Love, grief, envy and homesickness are just a few of the emotions Susan Matt, a professor of history at Weber State, will touch on at the 15th annual Hinckley lecture this Tuesday.

The WSU history department chair will take history by the heartstrings with her presentation “An Emotional History of America.” She will bring a unique look at our nation’s past through the lens of emotion.

“I’m trying to get at how people experience the world,” Matt said. “I think by looking at how people feel about big events and small ones that we get a window on the inner life of past generations.”

According to Matt, the lecture will examine how the expressed and repressed emotions affect American life and how these changing emotions define the course of history.

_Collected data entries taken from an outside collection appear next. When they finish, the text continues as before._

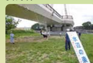
浅川で遊ぼう1(ターザンロープ)

浅川潤徳水辺の楽校では、日野市の母なる川「浅川」を中心に年20回ほどの楽しい活動を実施しています。
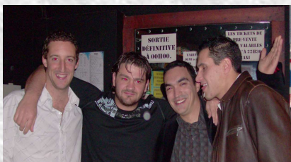
Quoi d'Neuf Doc'?
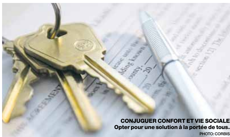
CONJUGUER CONFORT ET VIE SOCIALE Opter pour une solution à la portée de tous.

Dans le premier cas, la personne doit être autonome et indépendante. Par contre, il permet souvent de repousser le transfert en EMS puisque les ap-

She said that studying history through emotion offers us a different way of understanding what our society is about.

“It’s as much about what goes on inside our heads as what goes on in the physical world that shapes our economy in society,” she said.

Matt said she will primarily focus on how emotions like envy impacted American history, especially when pertaining to capitalism. In fact, she’s particularly interested in how emotions integral to capitalism have changed over time.

Susan
Susan Matt, WSU history department chair, was nominated to be the 15th annual Hinckley lecturer. Matt will lecture on the emotional history of America. (Source: History Department)

She said that people believe capitalism depends on things like banks and mass production. One of her main goals during the lecture will be to shed light on how emotions play a key role in a capitalist society.

“Those institutions would have no significance if American’s hadn’t learned certain habits about how to act on their emotions,” she said. “So how did we learn to become buyers and spenders and what emotional patterns sustain that?”

Matt was nominated to carry on the Hinckley legacy based on her accomplishments and research as a faculty member, according to Michael B. Vaughan, the Weber State provost.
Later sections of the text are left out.